Where was Flier 66 years ago today? | Posted by Rebekah
Aug 07 2010

The following event was only ever recorded in the memoirs of Al Jacobson.

“We headed for Lombock [sic] Striat, which was out passage through the Indonesian chain of islands.  When we were about twelve hours from Lombock Strait, we ahd an engine explosion, which we at first thought would force us to turn around and go back.  However Herb [Beahr], the assistant engineering officer, said he could and did fix everything.”

Flier’s jinx, if it existed, might have been trying to stop them, who knows?  Submarines having trouble with a boat’s engines was certainly nothing new.  Occasionally, a submarine would call HQ and tell them of recurrent or permanently damaged engines and, more times than not, HQ would instruct that submarine to head home and those engines would be thoroughly looked at.  This was the Standard Operating Procedure or SOP for any piece of critical equipment on a submarine like periscopes, Sonar, Radar, Radio, Generators, Batteries…. HQ wouldn’t let you home if the ice cream machine quit working, but the big pieces would earn you a trip back to the barn.  (I wonder if the coffee maker would be considered critical enough to go home?)

So when one of Flier’s four engines “exploded” just twelve hours outside of Lombok Strait in the early afternoon of August 7, Captain Crowley had a choice: try to fix it and continue, or turn back for home?  While a submarine could operate just fine on three engines (and according to the deck log, Flier frequently did just that), he certainly would not be foolish enough to start a patrol with a 25% handicap.   If the engineering hands couldn’t fix that engine, he’d have no choice but to call HQ and likely be ordered back to Fremantle for a fix.  If that happened, Flier’s reputation would likley have suffered as a thoroughly “jinxed boat.”  Flier’s reputation, however, was not Crowley concern: his boat’s preparedness was.

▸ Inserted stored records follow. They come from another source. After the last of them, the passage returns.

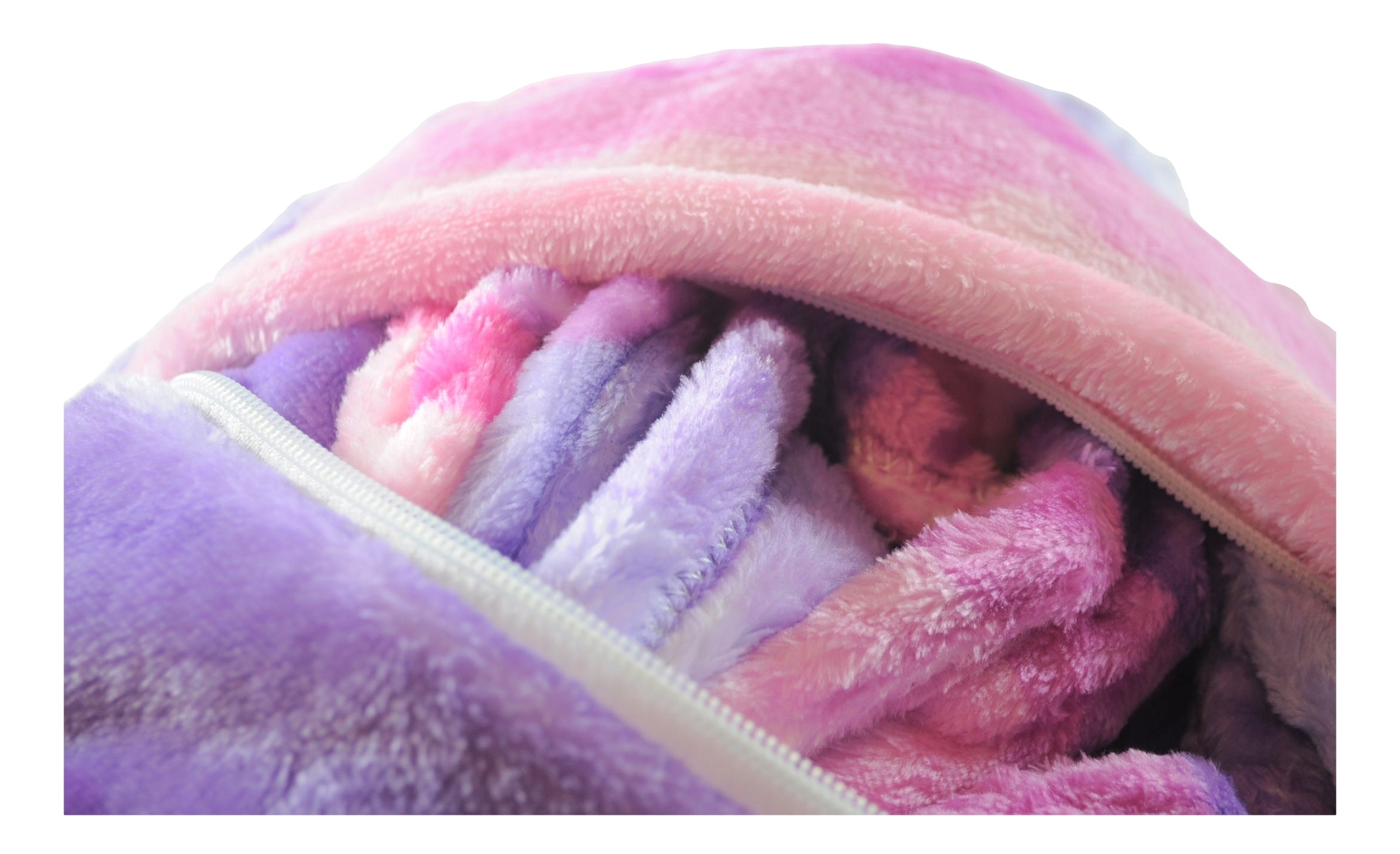 Подушку можна використовувати як повну постільну білизну для малюків і дітей старшого віку. Після розстібання блискавки всередині знаходиться м'яка, приємна на дотик флісова ковдра. У верхній частині подушки є миле сердечко з написом "I love you".
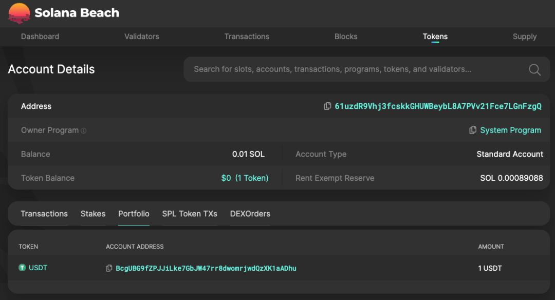 我们可以使用 Solana Beach 浏览器,通过输入数据账户的地址,点击 Portfolio,就可以清晰地看到每个 token-account,每个账户记录着特定 Token 的余额。
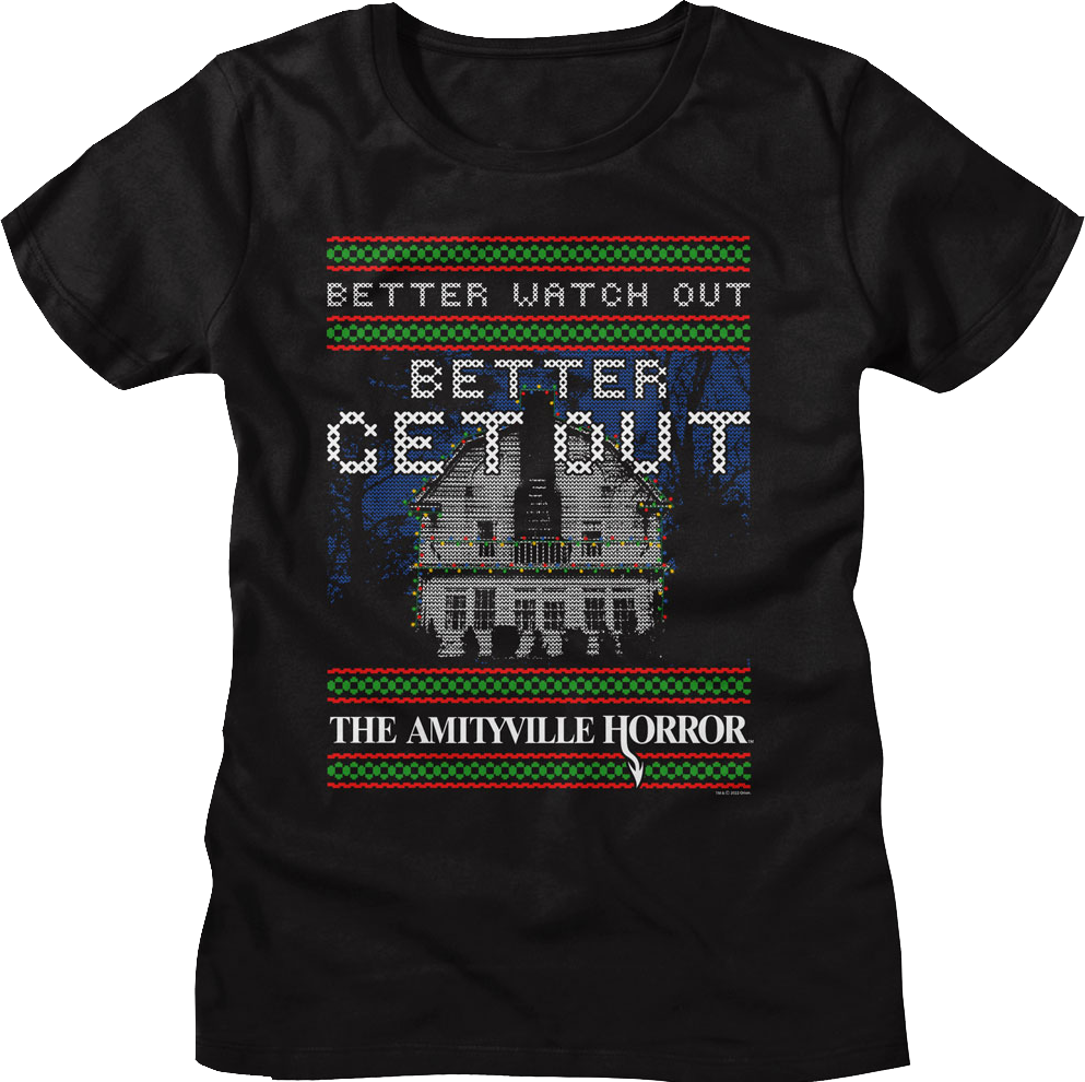 Womens Better Watch Out Faux Ugly Christmas Sweater Amityville Horror Shirt
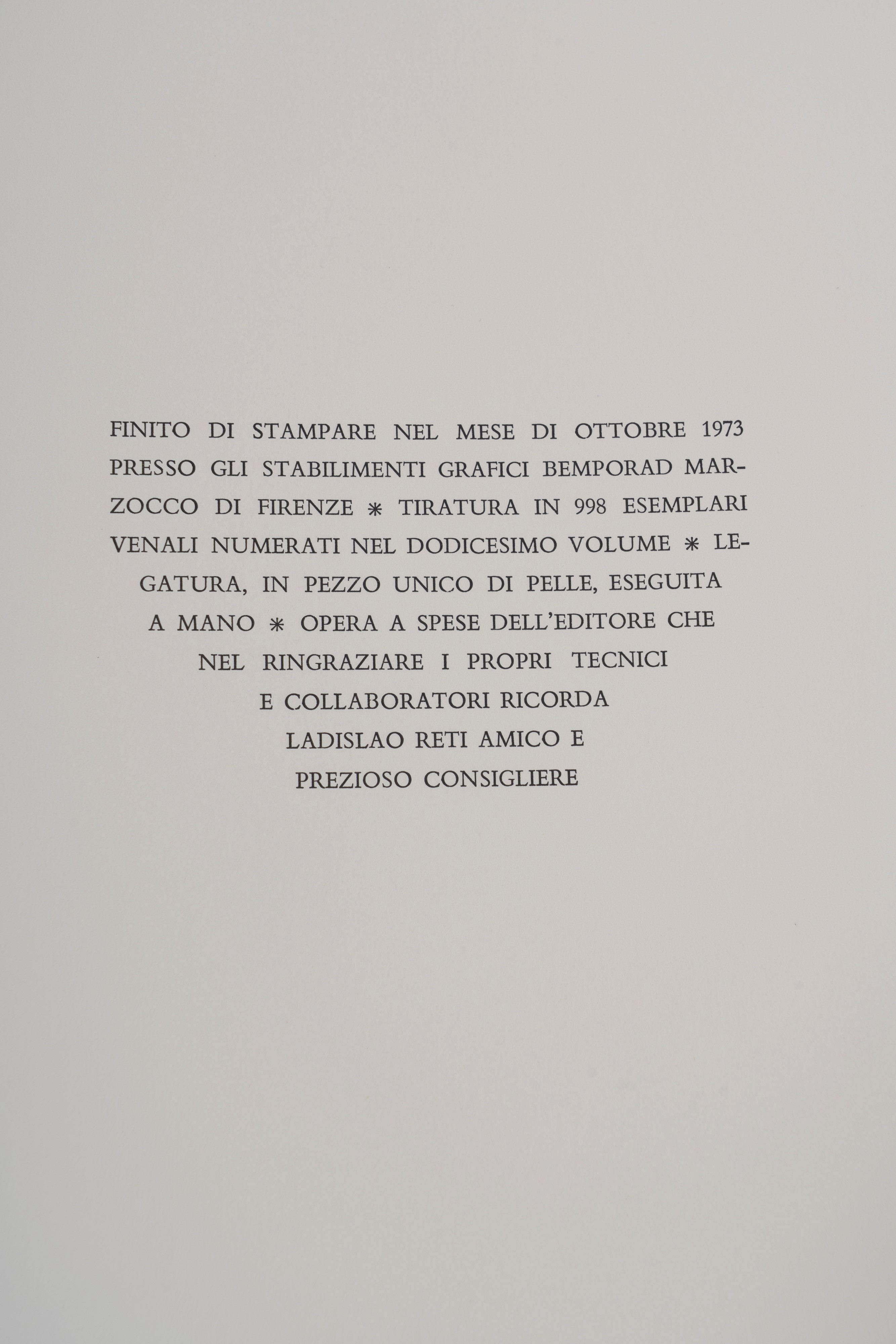 Firenze, Giunti Barbera, 1973-'80. 12 volumi in facsimile, formato 44x65 cm., e 12 volumi di testo formato 22x30 cm. di trascrizione diplomatica e critica a cura di Augusto Marinoni, rilegati a mano in piena pelle, con impressioni in oro sul dorso. Edizione limitata di 998 copie.
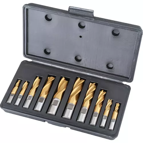 The G9763 10-Piece HSS TiN Coated Flute End Mills Set is a complete set for removing metal during milling operations.
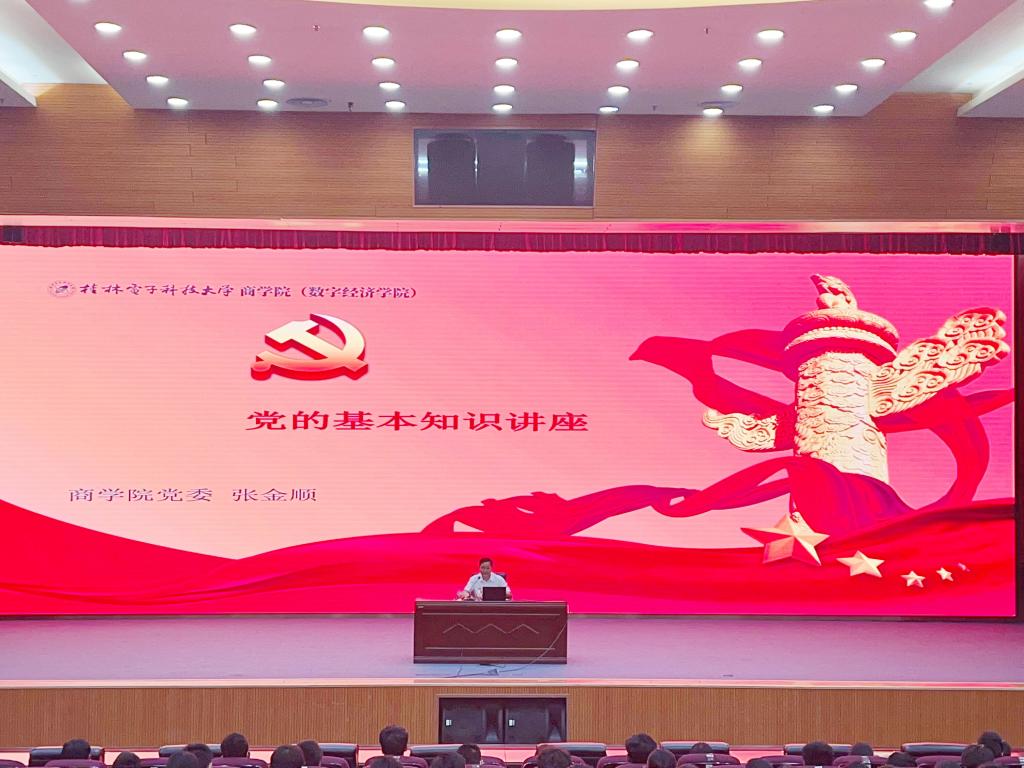 2022年10月27日10月25日下午,商学院在花江校区会议中心大礼堂举办2022级本科新生党的基本知识讲座。党课由学院党委书记张金顺主讲,学院党委副书记师晓婧、新生辅导员及2022级全体新生参加了本次党课学习。
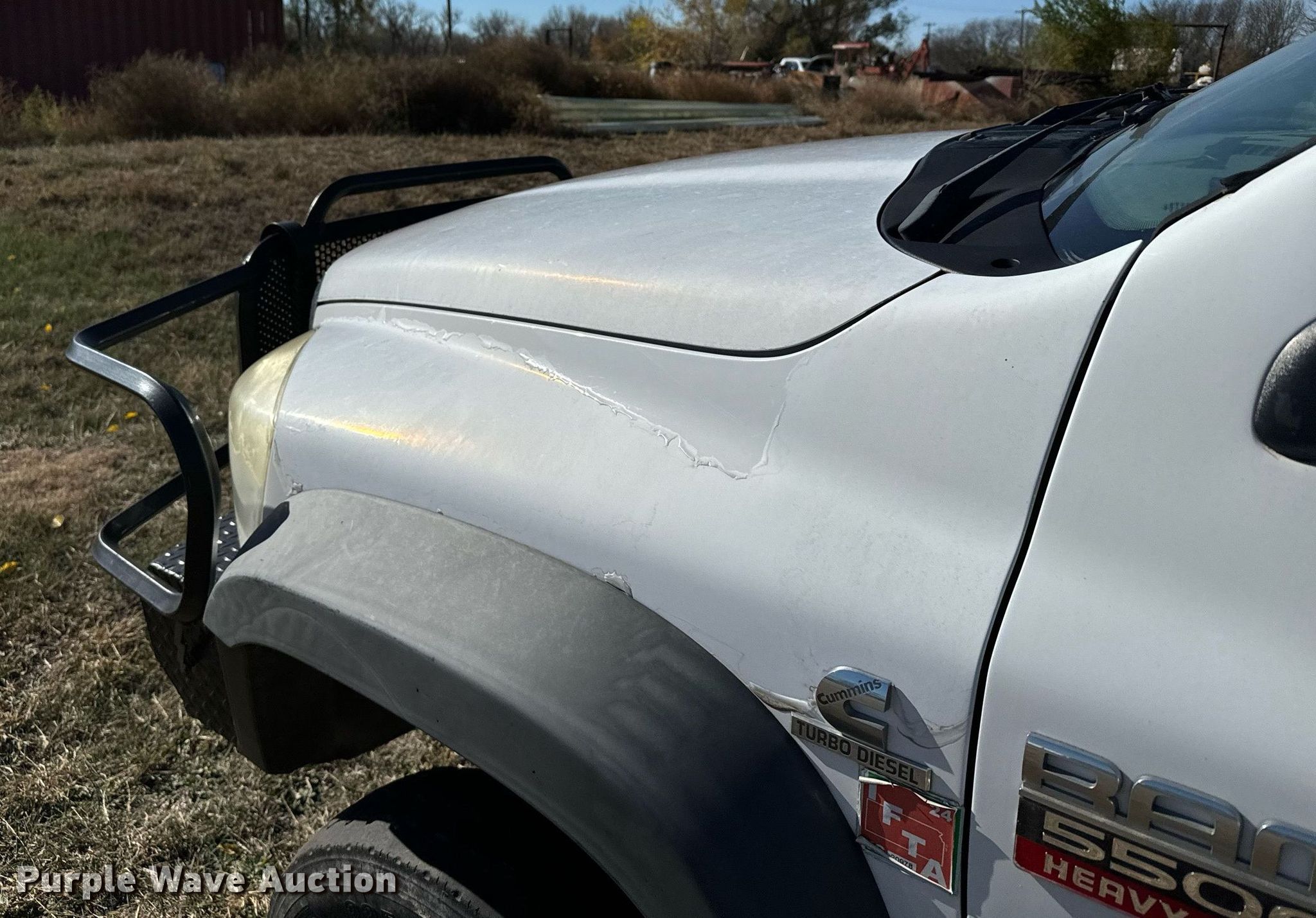 2008 Dodge Ram 5500HD Quad Cab flatbed truck. Miles: 91,335 on odometer, VIN: 3D6WD78A38G210307. Engine Cummins, Displacement: 6.7L, Cylinders: 6, Fuel type: Diesel. Transmission Automatic. Chassis Four wheel drive, Axles: Single, Suspension: Spring, Brakes: Hydraulic, GVWR: 19,500 lbs. Interior AC, Heat, Heated mirrors, Power windows, Power locks, Cruise control. Features Flatbed 11' L x 92" W. Tires Size: 225/70R19.5. Notes Dash warning indicator: Check engine, Windshield chipped or cracked, Hail damage. Kansas title. Title distribution may be delayed up to 14 days from verification of funds. Midwest Contractors. Hill City, KS 67642
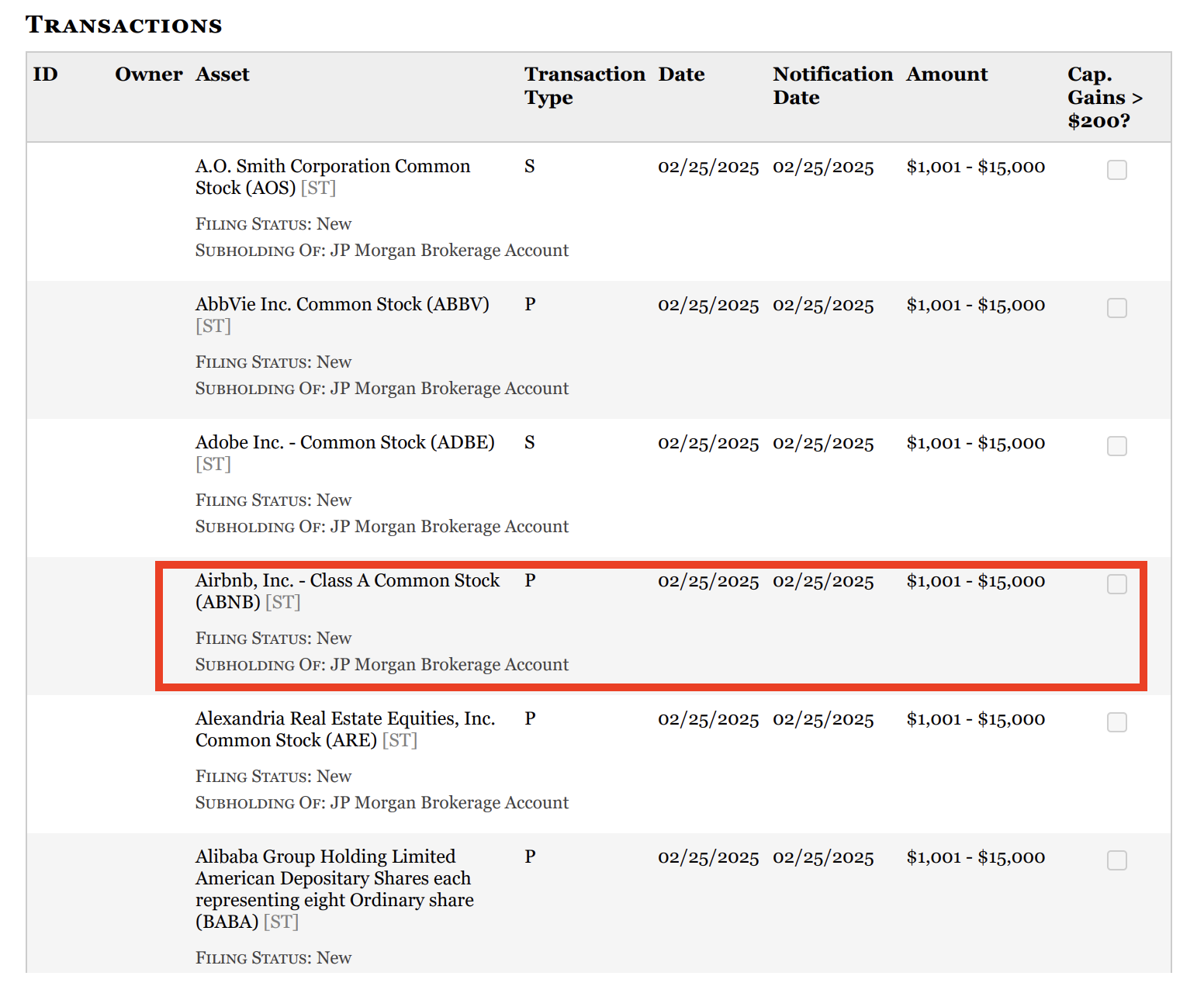 3. Airbnb (ABNB) - Rob Bresnahan, a House Rep. In Pennsylvania, bought between ~$1,001-$15,000 worth of ABNB stock on February 25, 2025, but it was reported to the public on March 28, 2025. (Source)
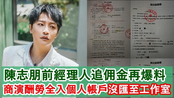 台灣「小虎隊」出身的男星陳志朋到內地發展多年,日前卻遭14年來一直合作的經理人威廉數臭長期拖糧,陳志朋之後雖透過助理發5點聲明澄清,稱雙方合作以來是口頭合約、固定薪酬,不架在拖欠佣金,但威廉於23日兩度發出聲明反擊,更揭陳志朋的「不規範操作」,又強調本來就應該給佣金,公開的「演出協議書」更意外曝光陳志朋的表演酬勞金額。
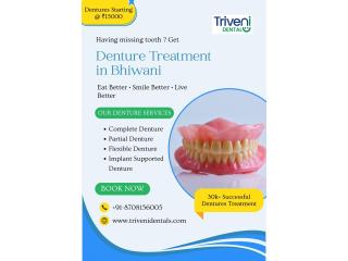 Having missing teeth & facing difficulty in eating? Get affordable and best denture treatment in Bhiwani at Triveni Dental. We offer complete, partial, flexible, and implant-supported dentures with a natural look and perfect fit.
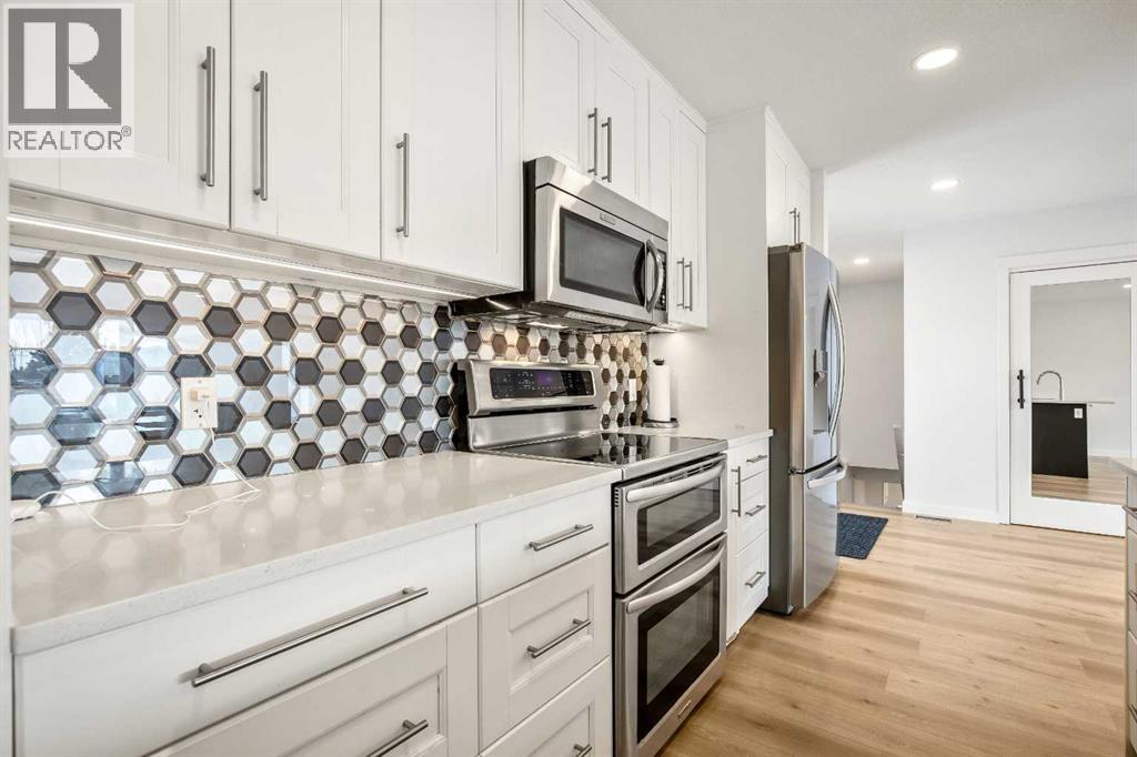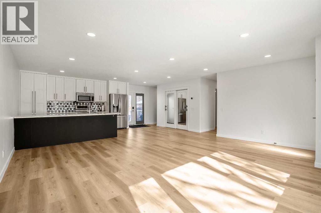 Welcome to this beautifully renovated bungalow in the heart of Acadia, offering a modern open floor plan and over 2100 SF of developed living space in one of Calgary’s most established and desirable neighborhoods.Fully renovated in 2020, the main floor features a bright open-concept layout with large windows and pot lights throughout, creating a warm and inviting space filled with natural light. The beautifully designed kitchen is perfect for both everyday living and entertaining, showcasing quartz countertops, stainless steel appliances, modern cabinetry, a spacious breakfast bar, and abundant pantry and storage space.The main level offers 2 spacious bedrooms and 2 full bathrooms, highlighted by a huge primary retreat designed for comfort and privacy, complete with a spa-inspired ensuite featuring a large glass walk-in shower — the perfect place to relax and unwind at the end of the day.The fully developed lower level significantly expands the living space, featuring 2 additional bedrooms, a full bathroom, and a massive family / recreation room—perfect for movie nights, a games area, teenagers, guests, or a flexible home office setup.Major upgrades provide both modern comfort and long-term peace of mind, including a high-efficiency furnace and humidifier (2025), new attic insulation (2026), roof shingles approximately five years old, upgraded vinyl windows, and a durable stucco exterior accented with soffit lighting for beautiful evening curb appeal. These upgrades make this home truly move-in ready, allowing you to simply enjoy the space without worrying about major expenses.Outside you’ll love the massive backyard and large rear deck, perfect for summer entertaining, gardening, or relaxing evenings.The OVERSIZED heated garage is fully insulated and drywalled with a gas heater, providing an ideal space for parking, storage, or a workshop, with potential for future EV upgrades if desired. Located in prime Acadia, this home is within walking distance to schools, parks, tennis courts, pools, shopping, and transit, with quick access to Southland Drive, Blackfoot Trail, and Deerfoot Trail for easy commuting. Everyday amenities including Costco, IKEA, and major shopping centres are just minutes away. Known for its mature tree-lined streets, wide lots, and strong community feel, Acadia remains one of Calgary’s most desirable established neighborhoods.Quick possession available. Move in and enjoy. (id:6769
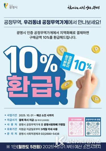 코리아타임뉴스 경기취재본부 | 광명시가 공정무역가게에서 광명사랑화폐(지역화폐)로 결제하면 결제금액의 10%를 돌려주는 ‘공정무역 실천 캐시백’ 행사를 진행한다고 9일 밝혔다.

But the Submarine Force is known to be among the best men that the Navy has available to them, and the Flier’s crew shone at this moment.  While Flier pushed north on two or three engines to keep on schedule for crossing the Strait, Ensign Herbert “Teddy” Baehr and his team of twenty Motor Machinist’s Mates (Or Motor Macs) worked on the engine.

Flier had been assigned a specific time window to get through Lombok.  Submarines were shuttled through Lombok on a fairly specific and rigid schedule, each being given about a 24 hour window to go through with a 12-24 hour window on either side between boats.  While the crossing was fairly short if you could do it quickly, that 24 hour window was yours to find the best time to cross for your boat.  It’s quite likely that Captain Crowley gave the Motor Mac crews that 12-hour window to fix her up, and if sucessful, he was planning on crossing at high slack tide, approximately 2 am on 8 August.

If not, back to port for an overhaul.

Baehr and his crew were, however, successful.  Though Jacobson never mentions what, precisely the “explosion” was, and perhaps he never really found out, the repairs were sucessful enough that Captain Crowley gave his blessing to continuing on to patrol.